22 Years of Monday to Friday

At the age of 5, I began the Monday to Friday commitment known as kindergarten. I was ready for the world – with my thick Coke-bottle glasses, checkered suspenders and bowl cut.

Since those fateful fall days back in 1998, I have followed the path I was “supposed to”. It was school, summer camps, more school, enrichment programs, more school, leadership conferences, university, and then straight into the “real world” of work. It wasn’t any one person who told me this is what I had to do, but a society where following the rules is seen with admiration.
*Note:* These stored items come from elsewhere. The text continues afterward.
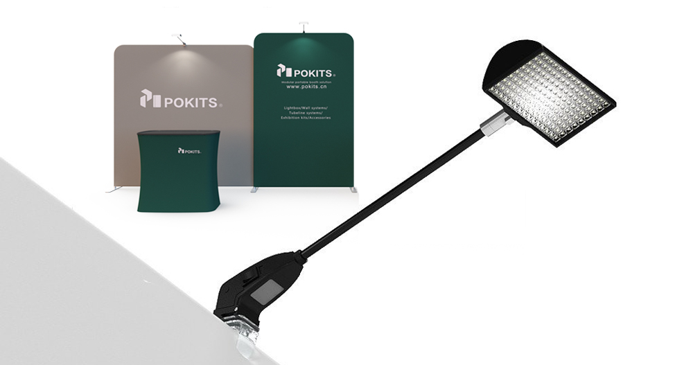 LED arm light with C shape clip,monitor bracketpacking box transformable to be a reception counter (black table top,dye sublimation graphic)
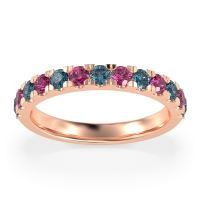 This London Blue Topaz wedding ring is casted in 14K Rose Gold and set with fine quality London Blue Topaz and Pink Tourmaline. All of the gemstones we use are of the top 10% available, those found in fine quality boutiques across the world. This London Blue Topaz wedding band can also be added to your collection of minimalist London Blue Topaz rings. Classic Half-eternity Band with Pave-set Round Stones. Free shipping, returns, resizing, and a lifetime warranty ensure you love your purchase.
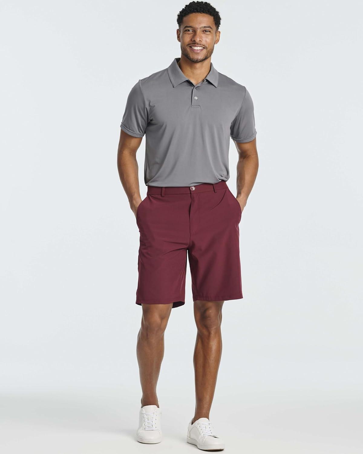 Real Essentials 3 Pack: Mens 9″ Stretch Golf Shorts with Pockets – Flat Front Casual Work Dress Short for Men(Set 5)
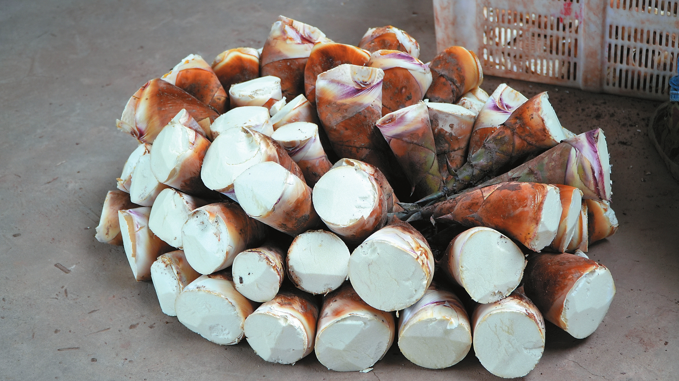 普洱气候温润、降雨丰沛,非常适合竹子生长。特别是甜龙竹,枝干壮硕,鲜笋肉质脆嫩、鲜甜可口、产量较高;且因其低脂肪、高蛋白,富含膳食纤维,尤其适合鲜食。近年来随着市场需求不断增加,产品供不应求,甜龙竹成了农民增收致富的“摇钱树”。“这几年我陆续种植甜龙竹110亩,最高日产鲜笋1吨左右。可以说大山就是我们的‘银行’。”在江城哈尼族彝族自治县整董镇整董村麻栗树小组,甜龙竹种植大户石风青正忙着给新出土的鲜笋称重,准备发往思茅。
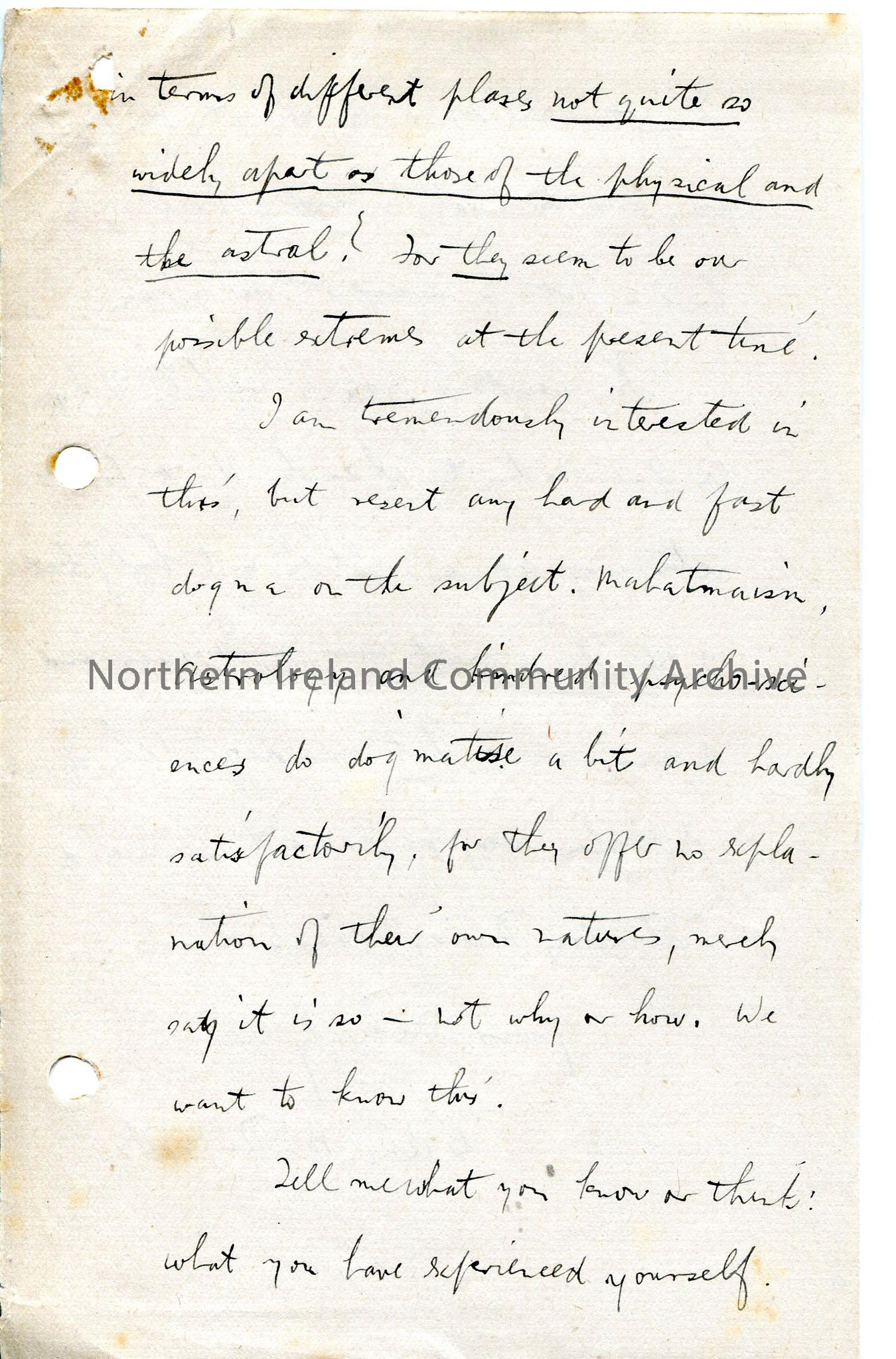 Page 24 of 24 page handwritten letter, on both sides of paper – author appears to have left Coleraine and now live in Glasgow. Mentions Irish Society …

For me, this following of the rules has created a lot of self-worth over my past 22 years. Excel in school, do all the extracurricular activities, go to university, get a job with a good salary that you are passionate about. Check, check, check, and check. But can you help me understand why? Because I am having a hard time remembering the justification my 5-year-old self was told sitting cross-legged on the carpet at Boundary Elementary.

I’ve tried to stick to these societal rules as best as I could but have found cracks in this Monday to Friday life over the last 22 years. I’ve attempted to start my own companies while in school, spent ridiculous summers bouncing around East Africa and North America, created my dream job in West Africa, and ran my way through beautiful unknown places with my sweat-soaked backpack. But there has always been a life to come back to – these adventures forming but a blip on the schedule of a Monday to Friday existence.

But why? Who told bowl cut suspender wearing me in 1998 that I was supposed to spend my life being productive Monday to Friday for the next 50 or 60 years?

So, it’s time for a change.

Rather than one job, I am building a portfolio of projects I am passionate about, projects that allow me to work and live a more meaningful, intentional day-to-day. This will include starting my own organization dedicated to building nutritious low-cost food systems, but will also allow space to support friends doing important work who could use my help, space for creativity, and importantly space to stop for human interactions. I want to sit with my grandfather and research our family history, stop to help push cars out of snowbanks, and simply stop to look up at the world and take a couple deep breaths.

I’ve decided enough is enough, I want to go back to being that dream-filled 4-year-old who hasn’t yet been told how life is ‘supposed to work”. I am defining success not by money earned or meetings held, but my impact created, and human relationships nourished.

Do you have good recommendations for cool checkered suspenders or bowl-cut hairdressers? I am ready to get back to my child-like wonder.